Legal experts note the National Security Act permits the CIA to solicit information from U.S. persons, but prohibits using covert action to benefit any single company. Because Chevon stood to gain from a stable PDVSA, Moshiri’s dual role as ex-executive and paid adviser created what Professor Jack Goldsmith of Harvard Law calls an optics nightmare
even if no law was broken.
Reputation Costs
For Venezuela’s opposition, reliance on oil veterans reinforces Maduro’s narrative that Washington’s real goal is oil colonialism.
Pollster Datanálisis found that 63 % of Venezuelans support foreign humanitarian aid yet only 29 % back U.S. oil companies returning under current terms. Any future transition government must balance fiscal needs against nationalist sentiment.

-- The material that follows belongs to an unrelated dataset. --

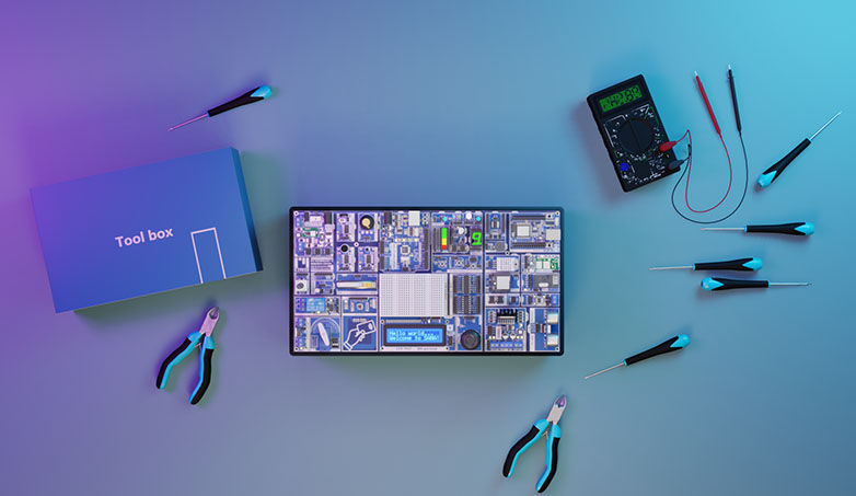 Образовательный набор собранный на одной печатной плате. Предназначен для обучения электронике, робототехнике и для изучения программирования контролеров, а так же интернету вещей.

Meanwhile, global rivals are watching. Russia’s Rosneft and China’s CNPC have extended billions in oil-backed loans; both countries vetoed a U.S.-backed U.N. resolution on Venezuelan elections in 2023. Analysts warn that over-reliance on private-sector intelligence could undercut multilateral coalitions Washington needs to enforce any future political settlement.
The CIA declined to comment on Moshiri’s involvement, but a senior official told the Journal the agency routinely engages subject-matter experts
and follows ethics protocols. Whether future engagements will tilt U.S. policy toward oil-sector interests remains an open question—one that will shape not just Venezuela’s future, but how intelligence agencies worldwide incorporate corporate expertise into statecraft.
Frequently Asked Questions
Q: Who is Ali Moshiri, the former Chevron executive linked to the CIA?
Ali Moshiri rose from Chevron’s Tehran-born engineer in 1976 to president of exploration & production for Africa and Latin America, overseeing multibillion-dollar projects in Angola, Nigeria, Kazakhstan and Venezuela. After retiring in 2017 he founded Houston-based Amos Global Energy, advising governments and national oil companies on geopolitical risk.
Q: Why did the CIA approach an oil executive about Venezuela’s political future?
Agency officials wanted sector-specific insight on which Venezuelan technocrat could stabilize oil output—once 3.2 million b/d, now below 700 000 b/d—while aligning with U.S. sanctions policy. Moshiri’s four-decade relationships with PDVSA engineers and ministers made him a rare outside evaluator of managerial competence inside Caracas.
Q: What makes energy companies comfortable negotiating with autocratic regimes?
Oil majors prize long reserve life and low extraction costs over governance scores. Chevron’s 2019 license to operate in Venezuela under U.S. sanctions illustrates how firms accept fiscal unpredictability and political risk when fields generate 30-40 % returns, far above North American shale’s 8-12 % average.